Ms. Jarcho, whose play Dreamless Land was reviewed here, is a student of Modernism, so it is not at all surprising that Grimly Handsome has all the markings of a Modernist work of art. Plot is secondary to highly stylized dialogue. If you are looking for a nice story to relax and unwind you, or a moving tale of morality — good and evil — Grimly Handsome will frustrate you. Just like Stravinky and the Modernists of yore, resolution is resolutely avoided. In place of a decipherable moral, Ms Jarcho substitutes coincidences, like the analogy of names across three acts, and the carrier wave of genre, both noir and fairy tale. Grimly Handsome is, in the words of august literary critic Terry Eagleton, “a mysteriously autotelic object, free of all contaminating truck with the real.”

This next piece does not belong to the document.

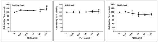 Viability of RAW264.7, MG-63, and SAOS-2 cells incubated with various concentrations of PLH using MTT assay. Each value is the mean ± SD of three independent experiments. # p < 0.05 vs. control (0).

If you haven’t seen seen any of Ms. Jarcho’s work, and you want to get into the spirit of 1913, I highly recommend Grimly Handsome. It has all the unheimlich angst of Modernism with little to no unnecessary prosaic fat. If you saw Dreamless Land, however, you may be slightly disappointed. Grimly Handsome’s use of noir tropes gives the middle of the play a pulpy, genre-driven feel, and the sharp — almost breathtaking — use of noir language that made Dreamless Land thrilling occasionally runs threadbare in Grimly Handsome. That said, Grimly Handsome is one thousand times more entertaining than Django Unchained. Cooper Gardner’s sound design is both jarring and subliminal, worthy of the space that (barely) contained so many Richard Foreman plays. So if you value craft over ostentation, walk past the cinema and check out this theater.